The answer must be every line of the records below that holds the word "English".

> Data shown:
# # #
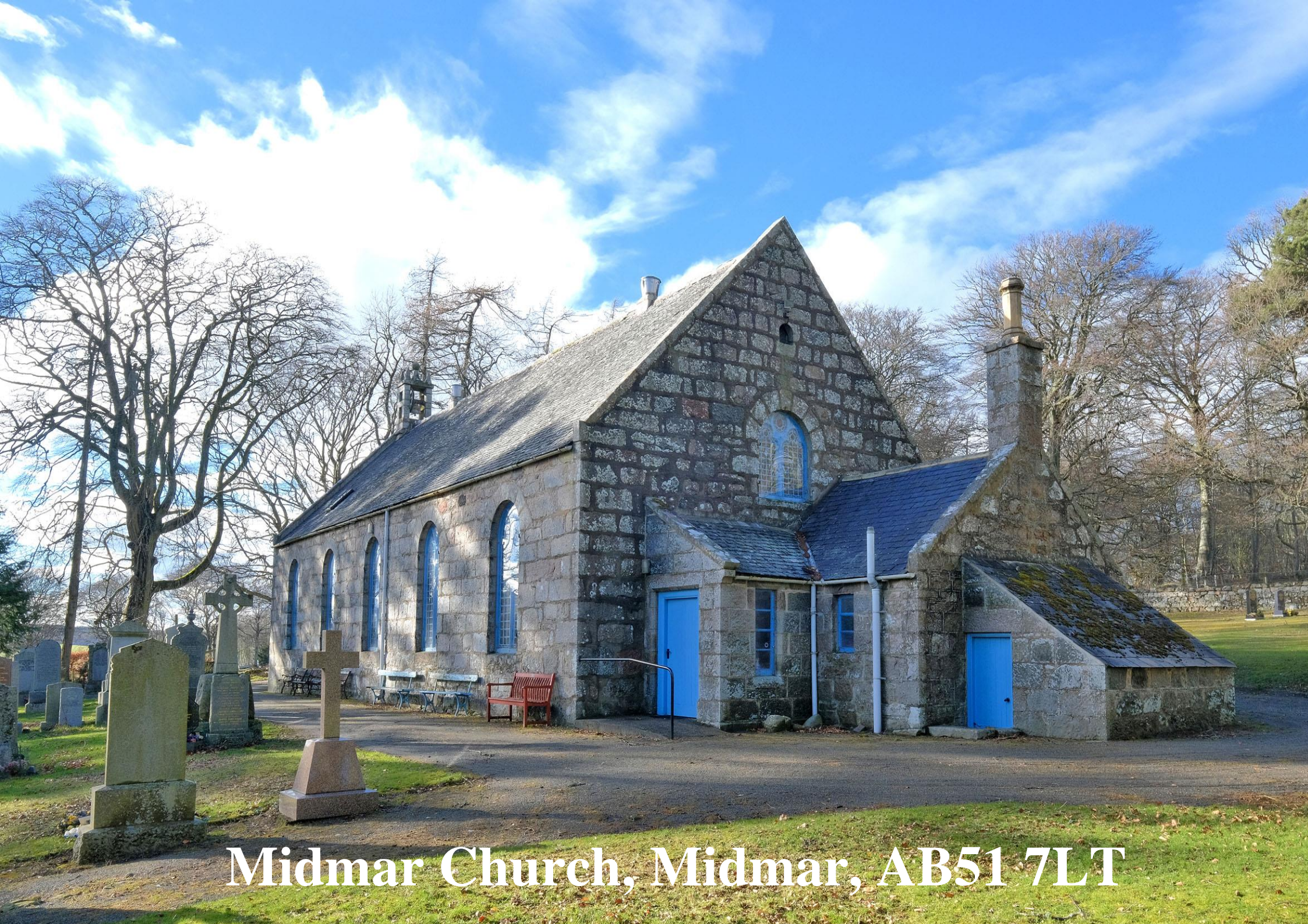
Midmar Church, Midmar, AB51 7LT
# # #
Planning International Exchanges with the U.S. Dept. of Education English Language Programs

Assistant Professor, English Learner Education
# # #
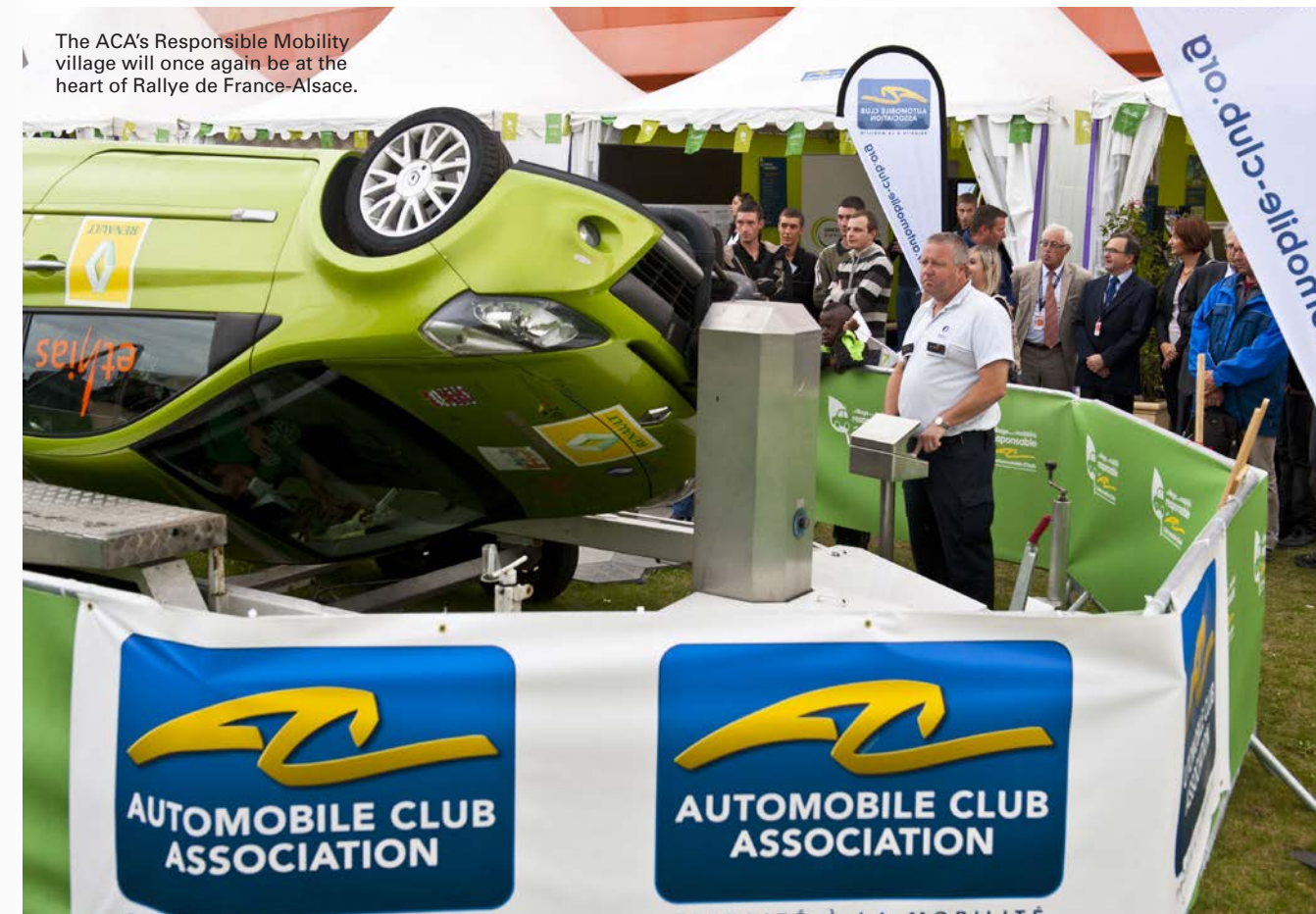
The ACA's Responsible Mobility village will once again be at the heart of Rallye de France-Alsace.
# # #
> Your solution:
Planning International Exchanges with the U.S. Dept. of Education English Language Programs
Assistant Professor, English Learner Education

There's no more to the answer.